The formula for the fused GW cost of a transport plan is

.. math::

   \mathcal{F}(T) = \alpha\mathcal{G}(T) + (1-\alpha)\sum_{ij}C_{ij}T_{ij}

and we define

.. math::
   FGW_C((X,\mu),(Y,\nu)) = \inf_T \mathcal{F}(T)

where :math:`C_{ij}`` is a user-supplied penalty matrix, and the value :math:`C_{ij}` indicates the intrinsic penalty for aligning :math:`X_i` to :math:`Y_j`.

In our implementation, the user supplies the penalty for aligning nodes of distinct SWC structure id labels.
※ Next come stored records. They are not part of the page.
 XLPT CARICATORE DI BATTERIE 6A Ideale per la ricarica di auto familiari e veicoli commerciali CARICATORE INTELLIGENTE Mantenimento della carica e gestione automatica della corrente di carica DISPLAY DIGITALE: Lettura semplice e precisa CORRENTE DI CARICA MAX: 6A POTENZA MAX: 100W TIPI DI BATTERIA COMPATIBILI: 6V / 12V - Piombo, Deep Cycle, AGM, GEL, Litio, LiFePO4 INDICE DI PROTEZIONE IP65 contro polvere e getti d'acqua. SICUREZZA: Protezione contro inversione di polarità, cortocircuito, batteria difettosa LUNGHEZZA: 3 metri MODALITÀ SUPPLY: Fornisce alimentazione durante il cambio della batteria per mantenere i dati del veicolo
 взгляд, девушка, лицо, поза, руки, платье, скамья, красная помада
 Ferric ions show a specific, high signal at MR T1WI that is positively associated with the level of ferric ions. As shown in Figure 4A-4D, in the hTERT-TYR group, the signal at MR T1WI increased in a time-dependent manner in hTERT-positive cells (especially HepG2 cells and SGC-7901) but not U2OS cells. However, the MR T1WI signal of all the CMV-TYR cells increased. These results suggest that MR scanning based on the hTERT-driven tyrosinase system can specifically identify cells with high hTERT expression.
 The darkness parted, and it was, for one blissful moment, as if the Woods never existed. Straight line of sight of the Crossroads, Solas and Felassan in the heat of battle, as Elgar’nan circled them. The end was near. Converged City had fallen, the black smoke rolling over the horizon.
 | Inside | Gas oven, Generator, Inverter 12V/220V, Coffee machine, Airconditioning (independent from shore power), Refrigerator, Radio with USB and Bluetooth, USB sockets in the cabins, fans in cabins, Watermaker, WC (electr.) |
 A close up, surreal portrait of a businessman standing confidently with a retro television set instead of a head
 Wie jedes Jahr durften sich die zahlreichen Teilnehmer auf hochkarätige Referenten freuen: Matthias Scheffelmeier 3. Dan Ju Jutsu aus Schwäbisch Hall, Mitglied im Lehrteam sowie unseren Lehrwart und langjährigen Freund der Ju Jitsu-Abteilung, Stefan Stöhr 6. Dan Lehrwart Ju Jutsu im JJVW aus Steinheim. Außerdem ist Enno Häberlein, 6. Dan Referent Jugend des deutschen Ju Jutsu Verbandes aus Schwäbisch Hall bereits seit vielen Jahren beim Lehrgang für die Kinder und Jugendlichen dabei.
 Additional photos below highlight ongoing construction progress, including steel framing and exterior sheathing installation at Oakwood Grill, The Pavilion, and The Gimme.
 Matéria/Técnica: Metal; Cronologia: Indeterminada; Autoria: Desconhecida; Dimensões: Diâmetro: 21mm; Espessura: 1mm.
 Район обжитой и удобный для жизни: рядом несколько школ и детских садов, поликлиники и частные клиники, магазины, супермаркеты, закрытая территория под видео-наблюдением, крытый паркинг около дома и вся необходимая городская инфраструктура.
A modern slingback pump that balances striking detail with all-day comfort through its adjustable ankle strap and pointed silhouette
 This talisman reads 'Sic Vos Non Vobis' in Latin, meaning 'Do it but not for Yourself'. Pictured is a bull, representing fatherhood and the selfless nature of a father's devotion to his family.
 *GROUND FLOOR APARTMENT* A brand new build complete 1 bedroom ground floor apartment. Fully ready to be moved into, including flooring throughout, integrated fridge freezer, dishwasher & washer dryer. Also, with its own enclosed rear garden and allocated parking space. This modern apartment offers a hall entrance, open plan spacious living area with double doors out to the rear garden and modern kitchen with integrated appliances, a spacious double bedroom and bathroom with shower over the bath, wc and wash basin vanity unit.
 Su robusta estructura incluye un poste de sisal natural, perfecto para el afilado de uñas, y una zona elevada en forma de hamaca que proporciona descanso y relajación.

It is easiest to choose these on relative grounds: for example, if the user wants to impose the constraint that aligning a soma node to a dendrite node is ten times worse than
aligning a basal dendrite node to an apical node, they can choose the soma-to-dendrite penalty to be 10 and the basal-to-apical penalty to be 1. Once this is done, it remains to choose the coefficient $\alpha$ appropriately.

Note that if :math:`T^{GW}` is the optimal transport plan for classical Gromov-Wasserstein and :math:`C` is a proposed cost matrix, then an upper bound for :math:`FGW_C(X,Y)` is :math:`\mathcal{F}(T^{GW})`.
It follows that, if $T^{FGW}$ is the optimal transport plan for fused GW, then

.. math::
   \mathcal{G}(T^{FGW}) \leq \mathcal{G}(T^{GW}) + (\frac{1-\alpha}{\alpha})(\sum_{ij}C_{ij}T^{GW}_{ij})

One can interpret this inequality as follows: by increasing the term :math:`(\frac{1-\alpha}{\alpha})`, the algorithm will be willing to accept higher distortion in order to better align nodes of similar types. If the user chooses, say, :math:`(\frac{1-\alpha}{\alpha}) = 0.3`,
then the GW cost of the transport plan :math:`T^{FGW}` will be at most 30% more than the GW cost of the original transport plan. Thus, our approach to giving an interpretable interface is to allow the user to control how much additional distortion they are willing to accept in the transport plan
in order to align nodes of the same type.